Member of the Sejm
- In office 19 October 2001 – 16 December 2015
- Constituency: 16 – Płock

Personal details
- Born: 1 April 1948 (age 78) Gostynin
- Party: Law and Justice

= Wojciech Jasiński =

Polish politician (born 1948)

Wojciech Stefan Jasiński (born 1 April 1948 in Gostynin) is a Polish politician and businessman who last served as chairman of the supervisory board of PKN Orlen from 2020 to 2024. He was previously the chief executive officer of PKN Orlen from 2015 to 2018.

==Biography==
Jasiński graduated from the University of Warsaw in 1972 with a degree from its Faculty of Law and Administration. He worked at the National Bank of Poland and the Supreme Audit Office, and was the chairman of the management board of the Srebrna Company.

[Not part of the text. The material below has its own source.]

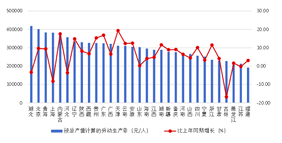 2022年上半年,26个地区的按建筑业总产值计算的劳动生产率保持增长。劳动生产率排序前三位的地区是湖北、北京和青海,分别为417901元/人、401117元/人和383289元/人。劳动生产率增幅超过 15% 的是天津、内蒙古、广东和贵州4个地区。5个地区按建筑业总产值计算的劳动生产率出现下降,吉林的降幅超过16%(图 5)。

In 1998, Jasiński was appointed to the supervisory board of Bank Ochrony Środowiska. In September 2000 he assumed the position of Deputy Minister of Justice, a role he retained until July 2001. Jasiński served as the Minister of State Treasury in the Cabinet of Kazimierz Marcinkiewicz and the Cabinet of Jarosław Kaczyński.

From 2001 to 2015 (4th, 5th, 6th, 7th and 8th term), Jasiński was a member of the Sejm. During his parliamentary tenure, he held several key roles, including Chairman of the Economy Committee, Chairman of the Public Finance Committee, and Chairman of Standing Subcommittee for the Banking System and Monetary Policy.

On 16 December 2015 Jasiński was appointed by the supervisory board of PKN Orlen to the function of the Chief Executive Officer. After leaving that post, he became a senior executive with Energa responsible for development of investments and energy markets. He later rejoined PKN Orlen as the chairman of its supervisory board.

He also served as a member of the supervisory board of PKO Bank Polski from 2016 to 2024.